FAST LTA is known as a specialist for secure and reliable storage systems. Why is FAST LTA now developing an AI Alliance and entering the application market?

Secure & private.

We see a problem with current AI offerings. Cloud-based services such as ChatGPT are based on the idea that the language model is constantly improving. To do this, data and information used when using the services must be used to improve the LLM.

This cannot be in the interests of our customers, whose main concern is to protect their sensitive data from unauthorized access and misuse.

That is why, with Silent AI, we are creating an AI solution that is 100% local and 100% secure. This continues our commitment to taking responsibility for our customers' data. Our commitment to preventing data loss goes far beyond the usual efforts of IT providers. We also want to be able to offer this in what is currently the fastest-growing sector.

Reliable & durable.

Based on the principle of data security, we develop solutions that are characterized in particular by their reliability and longevity. We continue to do this in our platform development for Silent AI.

As the use of AI in companies is all about productivity and efficiency, the reliability of the solution is of crucial importance. That is why we are incorporating our experience from the last few decades into Silent AI.

Sustainable & personal.

We make sure that we always choose the most sustainable solution for a task. We can only do this if we can actually control which components are used and how they are used.

According to expert estimates, ChatGPT has a CO2 footprint of 1.5-2 grams per query (in comparison: a search query on Google “costs” approx. 0.2 grams).
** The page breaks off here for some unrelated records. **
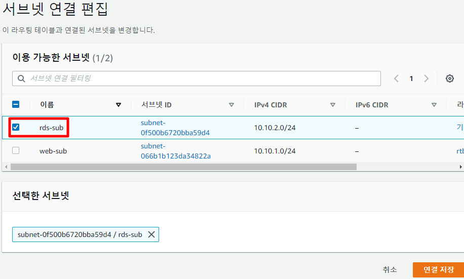 설정한 라우팅 테이블을 사용할 서브넷을 선택한다.
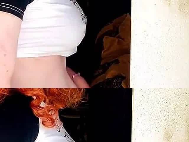 Skinny ladyboy with natural boobs jerks off till cumshot on
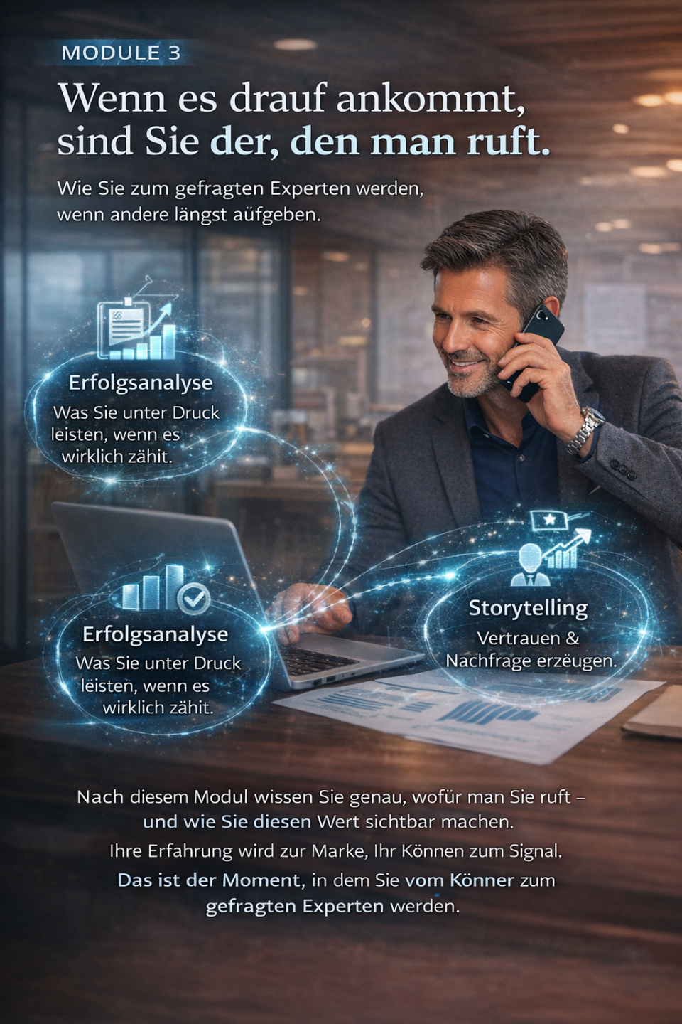 Im dritten Modul aktivieren Sie Ihre Freitag-Nachmittag-Kompetenz – jene Fähigkeit, Probleme zu lösen, wenn andere längst aufgeben. Sie lernen, Ihre souveränsten Momente in Worte zu fassen und daraus Ihren Expertenstatus zu formen – inklusive:

Large, public language models are not sustainable due to their massive appetite for resources.

Even if the exact measurement results are still pending, we can already predict with certainty: local, pre-trained LLMs consume much less energy.

In addition, as a German - European - company, we are committed to local sourcing and short distances. You benefit from local contacts, short delivery times and direct contact with personal contacts.